◆ Assigned task ◆
Which lines of the entries below run from the one holding "Set pohovek s" to the one holding "Обои Влюбленные плюшевые", inclusive? Set down exactly those lines and no others.

◆ Given entries ◆
---------------

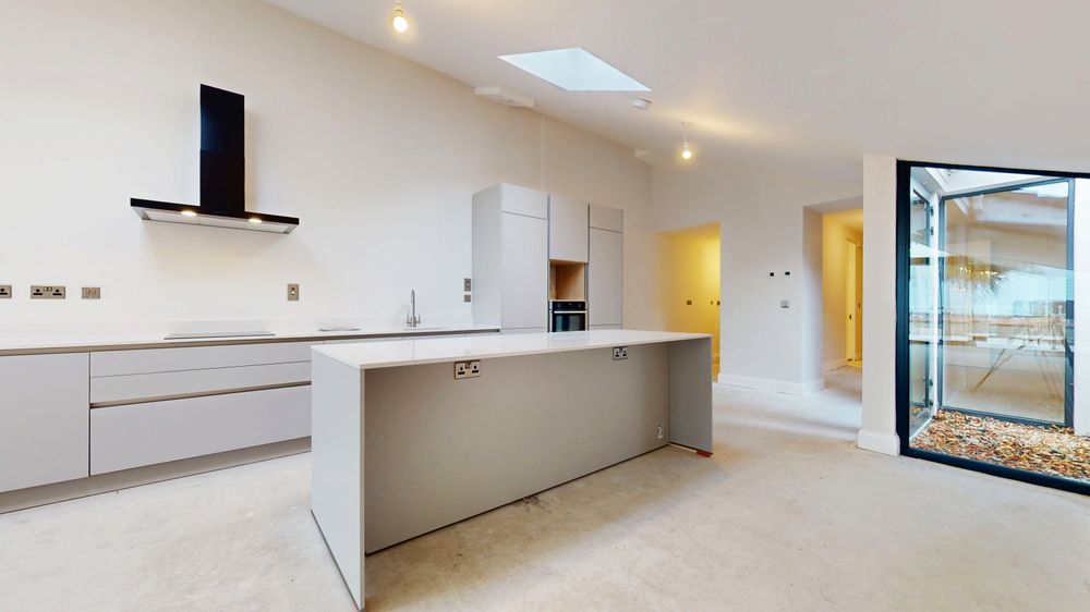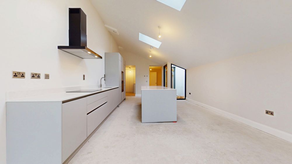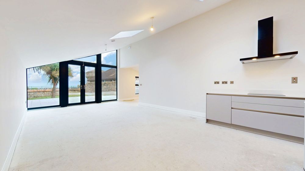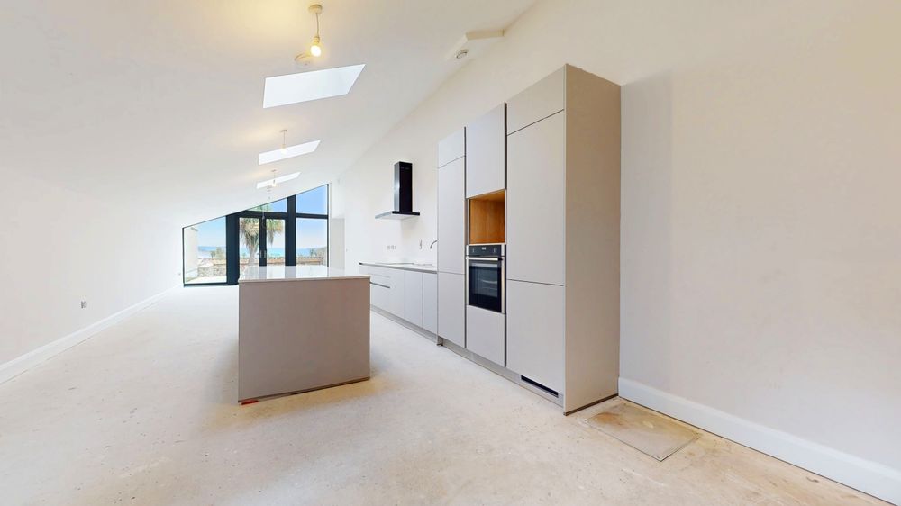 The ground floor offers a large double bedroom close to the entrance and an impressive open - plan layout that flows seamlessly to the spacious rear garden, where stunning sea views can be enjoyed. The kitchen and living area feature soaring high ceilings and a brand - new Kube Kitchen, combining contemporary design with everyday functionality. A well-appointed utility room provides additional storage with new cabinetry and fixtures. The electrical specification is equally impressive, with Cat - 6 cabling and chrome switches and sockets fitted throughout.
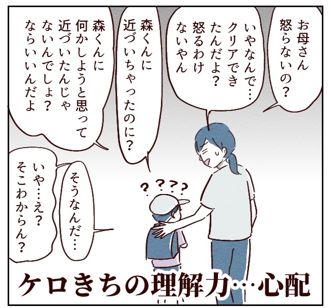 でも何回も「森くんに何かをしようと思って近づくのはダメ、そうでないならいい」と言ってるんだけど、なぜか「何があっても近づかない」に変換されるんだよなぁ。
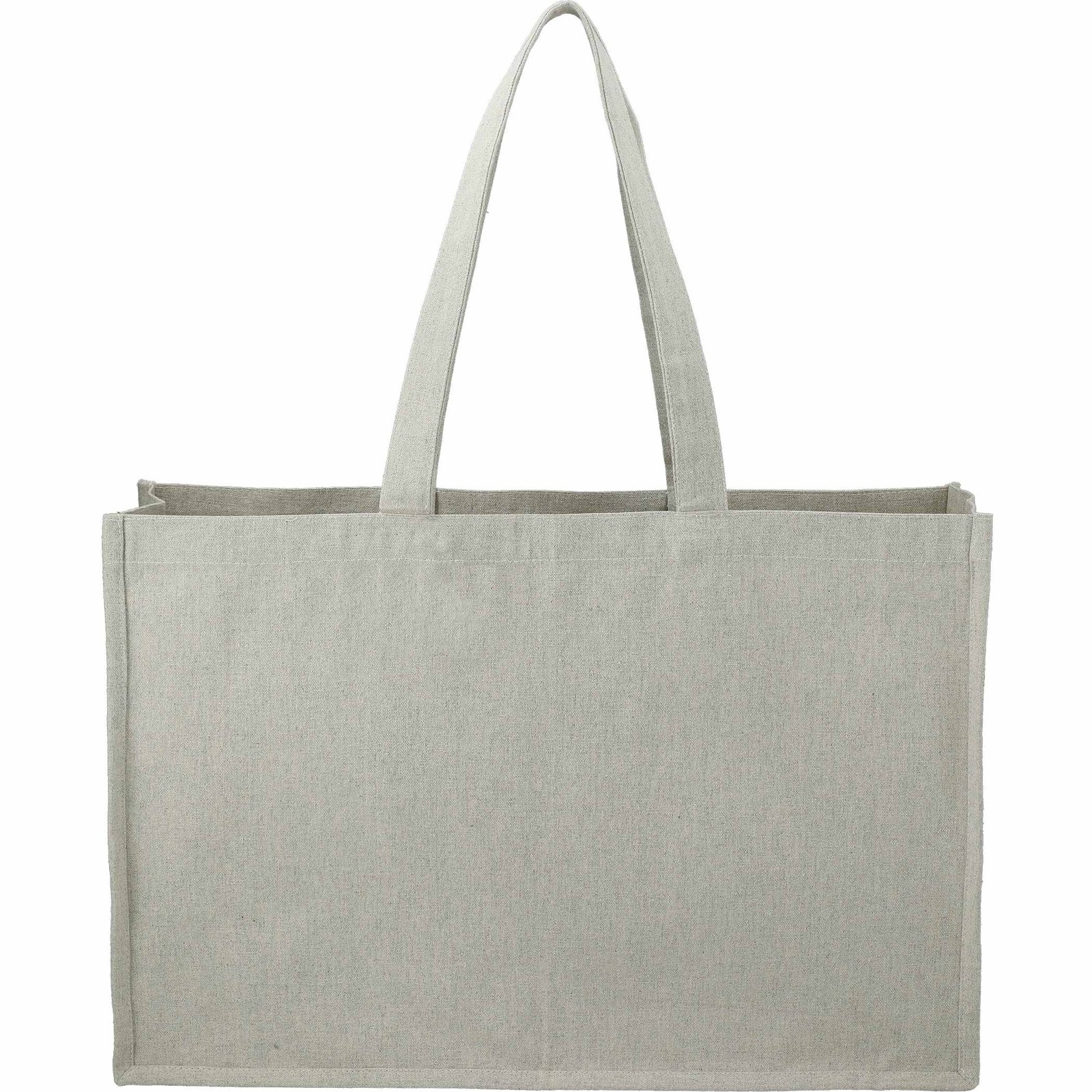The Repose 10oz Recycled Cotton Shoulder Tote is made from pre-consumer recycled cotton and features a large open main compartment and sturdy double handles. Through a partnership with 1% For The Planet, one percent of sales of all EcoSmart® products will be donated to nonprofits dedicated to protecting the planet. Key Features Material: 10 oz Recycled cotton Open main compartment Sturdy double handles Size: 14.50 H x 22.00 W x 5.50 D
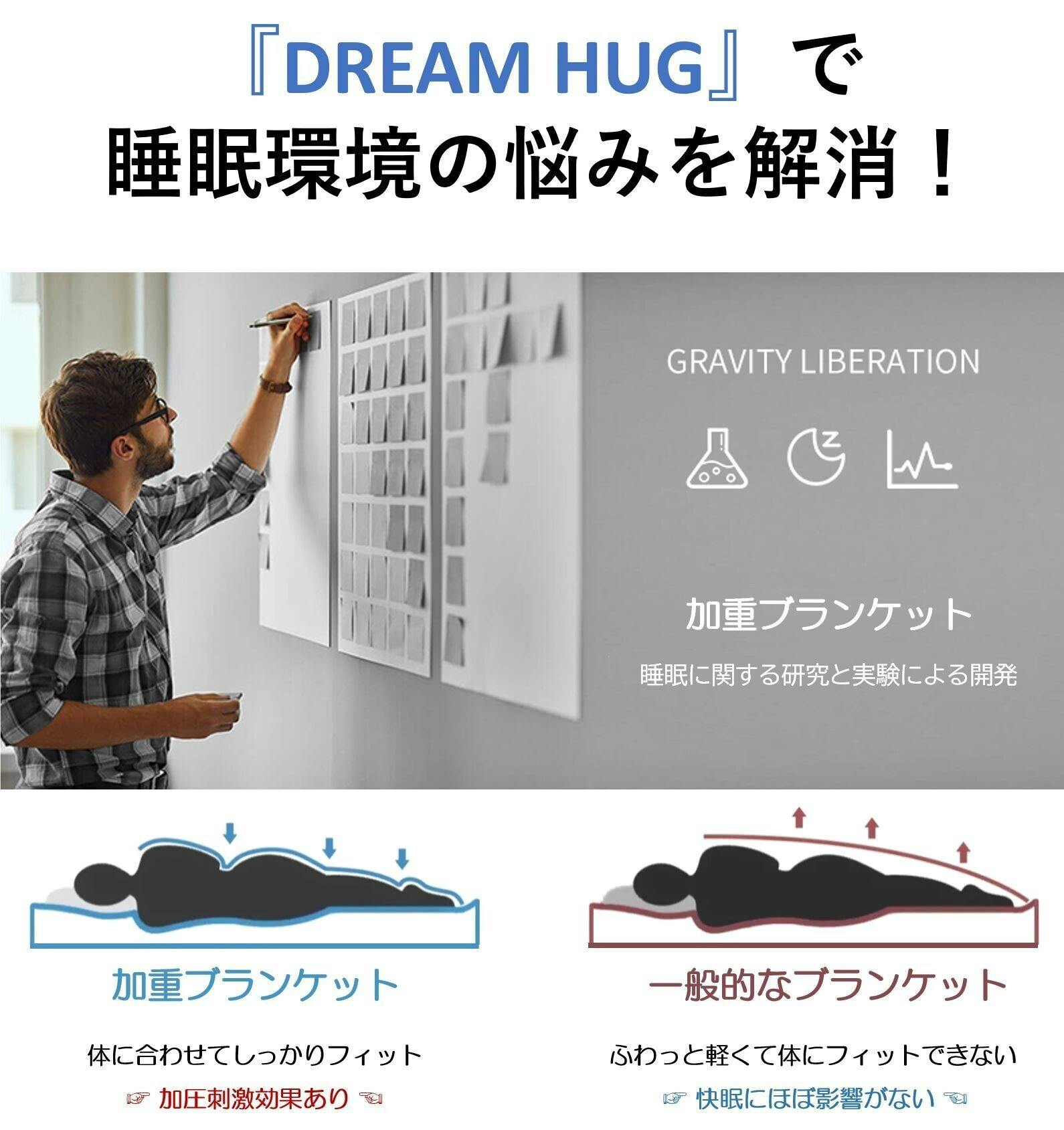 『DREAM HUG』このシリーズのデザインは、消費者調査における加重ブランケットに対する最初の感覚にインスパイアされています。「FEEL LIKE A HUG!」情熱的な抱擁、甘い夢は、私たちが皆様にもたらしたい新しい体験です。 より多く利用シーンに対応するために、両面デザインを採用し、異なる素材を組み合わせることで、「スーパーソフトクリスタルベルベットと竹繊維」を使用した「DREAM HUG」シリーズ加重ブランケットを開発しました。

---------------

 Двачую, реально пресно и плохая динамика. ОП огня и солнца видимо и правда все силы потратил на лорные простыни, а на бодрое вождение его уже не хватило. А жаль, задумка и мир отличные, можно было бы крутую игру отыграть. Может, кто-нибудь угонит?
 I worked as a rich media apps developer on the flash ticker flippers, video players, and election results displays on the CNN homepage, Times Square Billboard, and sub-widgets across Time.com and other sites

---------------

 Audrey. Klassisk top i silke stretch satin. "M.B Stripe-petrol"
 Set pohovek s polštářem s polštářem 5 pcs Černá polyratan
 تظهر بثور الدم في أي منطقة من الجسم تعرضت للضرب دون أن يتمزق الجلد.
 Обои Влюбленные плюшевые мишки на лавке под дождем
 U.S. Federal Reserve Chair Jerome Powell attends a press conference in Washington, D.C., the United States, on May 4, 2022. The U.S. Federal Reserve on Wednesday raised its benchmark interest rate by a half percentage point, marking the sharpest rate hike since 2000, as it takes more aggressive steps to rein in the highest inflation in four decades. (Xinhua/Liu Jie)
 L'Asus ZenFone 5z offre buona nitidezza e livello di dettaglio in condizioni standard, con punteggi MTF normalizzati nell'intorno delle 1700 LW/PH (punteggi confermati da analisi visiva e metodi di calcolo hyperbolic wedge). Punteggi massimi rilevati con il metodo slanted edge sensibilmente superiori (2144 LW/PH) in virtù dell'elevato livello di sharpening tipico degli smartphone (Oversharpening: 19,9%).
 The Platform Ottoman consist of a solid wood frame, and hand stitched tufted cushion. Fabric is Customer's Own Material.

---------------

◆ Final answer ◆
 Set pohovek s polštářem s polštářem 5 pcs Černá polyratan
 تظهر بثور الدم في أي منطقة من الجسم تعرضت للضرب دون أن يتمزق الجلد.
 Обои Влюбленные плюшевые мишки на лавке под дождем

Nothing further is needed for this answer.